Department of Pathology, Fudan University Shanghai Cancer Center, Shanghai 200032, China; Department of Oncology, Shanghai Medical College, Fudan University, Shanghai 200032, China.
Department of Pathology, Fudan University Shanghai Cancer Center, Shanghai 200032, China; Department of Oncology, Shanghai Medical College, Fudan University, Shanghai 200032, China.
Hum Pathol. 2019 Feb;84:231-238. doi: 10.1016/j.humpath.2018.10.004. Epub 2018 Oct 16.

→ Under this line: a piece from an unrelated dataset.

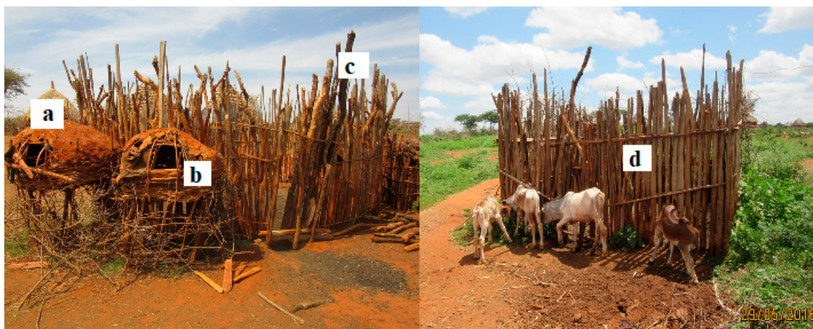
Figure 3. Kraal for goat kids (a) and lambs (b), matured sheep and goats (c) and calves (d) in Borana, southern Ethiopia.

The composition of this salt was found to be 41% NaCl with minor quantities of macro and trace minerals [1]. We visually observed that manure was swept from the kraal and heaped in an open-air site (Figure 4) located outside the kraal. The studied households were observed to use their bare hands to remove manure accumulated in the kraal; cattle hide was used to throw manure onto the heap. None of the studied households had a defined time or number of intervals per week to collect and remove manure from their kraal. Rather, the amount of manure accumulating in the kraal determined when the manure was to be swept from the kraal – usually done daily or up to every fifth day. While manure sweeping is women’s duty, men are responsible for building and repairing kraals.

Some sporadic triple-negative breast cancers (TNBCs) share similar clinicopathological and molecular characteristics to BRCA1/2-mutant breast cancers, a phenotype described as "BRCAness." Identifying BRCAness in TNBCs could expand the target group for platinum salts and poly(adenosine diphosphate-ribose) polymerase inhibitors. The aims of our study were to assess the clinical validity of BRCA1/2 promoter methylation and BRCA1-like genomic profile to identify BRCAness and to evaluate its correlations with clinicopathological features in TNBCs. Formalin-fixed, paraffin-embedded tissues and fresh tissues of 151 primary invasive TNBCs were collected. BRCA1/2 promoter methylation and BRCA1-like genomic profile were detected using methylation-specific multiplex ligation-dependent probe amplification and multiplex ligation-dependent probe amplification assay, respectively. BRCA1/2 messenger RNA expression was evaluated by quantitative reverse-transcription polymerase chain reaction. Of the 151 patients, 38 (25.2%) showed BRCA1 promoter methylation. Of the 124, 52 (41.9%) had a BRCA1-like multiplex ligation-dependent probe amplification profile. The frequency of BRCAness phenotype was 54.8% (68/124). BRCA1 germline mutation and BRCA1 promoter methylation were mutually exclusive (P = .002). The BRCAness phenotype was significantly associated with large tumor size (>2 cm, P = .009), positive lymph nodes (P = .008), grade 3 tumor (P = .0001), high Ki-67 levels (P = .001), and basal-like breast cancers (P = .0001). Combined detections of BRCA1 promoter methylation and BRCA1-like genomic profile could identify more BRCAness cases in TNBCs. BRCA1 promoter methylation might rule out BRCA1 germline mutation in TNBCs. BRCAness was associated with aggressive clinicopathological features. These findings might have clinical values in hereditary breast cancer screening and target treatment of TNBCs.
一些散发性三阴性乳腺癌(TNBC)具有与 BRCA1/2 突变型乳腺癌相似的临床病理和分子特征,这种表型被描述为“BRCA 样”。在 TNBC 中鉴定 BRCA 样状态可以扩大铂盐和聚(腺苷二磷酸核糖)聚合酶抑制剂的靶群体。本研究的目的是评估 BRCA1/2 启动子甲基化和 BRCA1 样基因组谱来识别 BRCA 样状态的临床有效性,并评估其与 TNBC 临床病理特征的相关性。收集了 151 例原发性浸润性 TNBC 的福尔马林固定、石蜡包埋组织和新鲜组织。分别使用甲基化特异性多重连接依赖性探针扩增和多重连接依赖性探针扩增检测 BRCA1/2 启动子甲基化和 BRCA1 样基因组谱。通过定量逆转录聚合酶链反应评估 BRCA1/2 信使 RNA 表达。在 151 例患者中,38 例(25.2%)显示 BRCA1 启动子甲基化。在 124 例中,52 例(41.9%)具有 BRCA1 样多重连接依赖性探针扩增谱。BRCA 样表型的频率为 54.8%(68/124)。BRCA1 种系突变和 BRCA1 启动子甲基化是相互排斥的(P =.002)。BRCA 样表型与肿瘤较大(>2cm,P =.009)、淋巴结阳性(P =.008)、肿瘤分级 3 级(P =.0001)、高 Ki-67 水平(P =.001)和基底样乳腺癌(P =.0001)显著相关。BRCA1 启动子甲基化和 BRCA1 样基因组谱的联合检测可在 TNBC 中鉴定更多的 BRCA 样病例。BRCA1 启动子甲基化可能排除 TNBC 中的 BRCA1 种系突变。BRCA 样与侵袭性临床病理特征相关。这些发现可能在遗传性乳腺癌筛查和 TNBC 的靶向治疗中有临床价值。